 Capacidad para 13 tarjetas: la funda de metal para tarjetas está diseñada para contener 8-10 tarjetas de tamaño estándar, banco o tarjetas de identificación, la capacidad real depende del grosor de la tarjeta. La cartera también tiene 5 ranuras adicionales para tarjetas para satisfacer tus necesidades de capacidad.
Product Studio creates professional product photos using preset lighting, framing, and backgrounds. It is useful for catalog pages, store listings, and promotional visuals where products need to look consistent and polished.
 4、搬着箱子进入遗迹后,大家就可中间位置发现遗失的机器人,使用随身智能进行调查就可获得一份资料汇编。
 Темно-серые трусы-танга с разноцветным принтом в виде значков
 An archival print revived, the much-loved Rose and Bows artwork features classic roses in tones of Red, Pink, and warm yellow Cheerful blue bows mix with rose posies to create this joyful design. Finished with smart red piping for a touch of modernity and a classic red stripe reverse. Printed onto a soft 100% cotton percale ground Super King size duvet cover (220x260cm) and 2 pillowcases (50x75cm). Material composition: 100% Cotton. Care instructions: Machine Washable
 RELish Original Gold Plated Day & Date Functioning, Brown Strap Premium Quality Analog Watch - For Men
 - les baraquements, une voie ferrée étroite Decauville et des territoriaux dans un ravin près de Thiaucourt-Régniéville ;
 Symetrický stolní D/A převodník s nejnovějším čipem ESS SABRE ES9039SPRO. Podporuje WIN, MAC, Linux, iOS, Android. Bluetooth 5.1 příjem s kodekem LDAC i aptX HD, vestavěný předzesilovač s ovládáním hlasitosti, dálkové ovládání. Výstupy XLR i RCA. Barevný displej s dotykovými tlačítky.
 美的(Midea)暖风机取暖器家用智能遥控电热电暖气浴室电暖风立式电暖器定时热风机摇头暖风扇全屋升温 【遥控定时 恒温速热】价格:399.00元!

Exercise requirements
The full set of entries must be transcribed exactly.

Solution for this task
 Capacidad para 13 tarjetas: la funda de metal para tarjetas está diseñada para contener 8-10 tarjetas de tamaño estándar, banco o tarjetas de identificación, la capacidad real depende del grosor de la tarjeta. La cartera también tiene 5 ranuras adicionales para tarjetas para satisfacer tus necesidades de capacidad.
Product Studio creates professional product photos using preset lighting, framing, and backgrounds. It is useful for catalog pages, store listings, and promotional visuals where products need to look consistent and polished.
 4、搬着箱子进入遗迹后,大家就可中间位置发现遗失的机器人,使用随身智能进行调查就可获得一份资料汇编。
 Темно-серые трусы-танга с разноцветным принтом в виде значков
 An archival print revived, the much-loved Rose and Bows artwork features classic roses in tones of Red, Pink, and warm yellow Cheerful blue bows mix with rose posies to create this joyful design. Finished with smart red piping for a touch of modernity and a classic red stripe reverse. Printed onto a soft 100% cotton percale ground Super King size duvet cover (220x260cm) and 2 pillowcases (50x75cm). Material composition: 100% Cotton. Care instructions: Machine Washable
 RELish Original Gold Plated Day & Date Functioning, Brown Strap Premium Quality Analog Watch - For Men
 - les baraquements, une voie ferrée étroite Decauville et des territoriaux dans un ravin près de Thiaucourt-Régniéville ;
 Symetrický stolní D/A převodník s nejnovějším čipem ESS SABRE ES9039SPRO. Podporuje WIN, MAC, Linux, iOS, Android. Bluetooth 5.1 příjem s kodekem LDAC i aptX HD, vestavěný předzesilovač s ovládáním hlasitosti, dálkové ovládání. Výstupy XLR i RCA. Barevný displej s dotykovými tlačítky.
 美的(Midea)暖风机取暖器家用智能遥控电热电暖气浴室电暖风立式电暖器定时热风机摇头暖风扇全屋升温 【遥控定时 恒温速热】价格:399.00元!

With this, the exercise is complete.